Les options de traitement de l’ostéome choroïdien fovéal sont limitées (la PDT est un choix raisonnable dans le cas de lésions extrafovéales). L’observation est la prise en charge indiquée en l’absence de symptômes, avec un examen du fond d’œil à intervalles réguliers pour surveiller les signes de CNV. Dans le passé, la photocoagulation a été utilisée pour traiter le VNC lié à l’ostéome choroïdien. Bien que cela scelle efficacement les nouveaux vaisseaux, l’amélioration de l’acuité visuelle était limitée. La thérapie photodynamique oculaire (PDT) de la vertéporfine a également été utilisée dans le traitement du VNC lié à l’ostéome choroïdien. Parodi et coll. signalé un cas où un patient a refusé le traitement du VCN extrafovéal par photocoagulation et PDT a été spécifiquement demandé. L’acuité visuelle s’est stabilisée, les symptômes de métamorphopsie se sont calmés et la CNV a disparu. Shields et coll. a également signalé un cas de VCN extrafovéal traité avec succès par PDT. Cependant, l’auteur a inséré une condition à la fin du rapport de cas selon laquelle le traitement du CNV sous-fovéal par PDT peut entraîner une acuité visuelle pire en raison de la décalcification et de la perte d’EPR associée. Plus récemment, des médicaments antivasculaires à facteur de croissance endothélial (anti-VEGF) ont été utilisés hors licence pour traiter le CNV secondaire à l’ostéome choroïdien avec un bon effet. Ahmadieh et Vafi (2007) ont signalé un cas où l’AV s’est améliorée de 20/200 à 20/20 en utilisant le bevacizumab. Un autre cas a été signalé par Morris et coll., où VA s’est améliorée de 20/80 à 20/20 en utilisant une combinaison de PDT et de Ranibizumab. Un suivi d’un an du VCN secondaire à un ostéome choroïdien a été effectué par Wu et al. . Ils ont signalé une amélioration de l’AV de 20/800 à 20/30 après le traitement par ranibizumab, sans nouvelle diminution de l’AV après le traitement. Les rapports de prise en charge par PDT et anti-VEGF sont prometteurs et une étude récente a démontré que le traitement antivasculaire du facteur de croissance endothélial seul ou avec PDT avait un résultat favorable dans l’anatomie de la région et une amélioration modeste de l’acuité visuelle. D’autres études à grande échelle sont nécessaires pour déterminer l’efficacité des médicaments PDT et anti-VEGF dans le traitement du CNV lié à l’ostéome choroïdien.

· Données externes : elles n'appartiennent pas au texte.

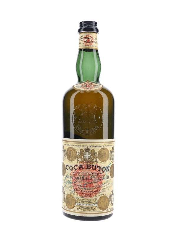 A bottle of Coca Buton, an Italian liqueur made from alcohol infused with coca leaves and other aromatic herbs. We estimate this was bottled in the 1950s.

Pour conclure, l’ostéome choroïdien est une tumeur ossifiante bénigne rare de la choroïde. Le tableau clinique peut apparaître comme une tumeur oculaire maligne. Il est important de comprendre la maladie et de savoir comment enquêter de manière appropriée sur les personnes qui la présentent pour éviter un diagnostic incorrect. Nous présentons un cas de SRF en l’absence de CNV qui est documenté par de multiples modalités d’imagerie. Nous avons surveillé le patient pendant plus d’un an et avons constaté qu’il n’y avait pas de progression significative de la SRF, de développement de la CNV ou de diminution de l’acuité visuelle malgré la croissance continue de l’ostéome. Par conséquent, la nécessité d’une gestion active peut ne pas être requise dans des cas similaires à ceux-ci.

Consentement

Les auteurs déclarent avoir le consentement éclairé du patient.

Conflit d’intérêts

Les auteurs déclarent qu’il n’y a pas de conflit d’intérêts concernant la publication de cet article.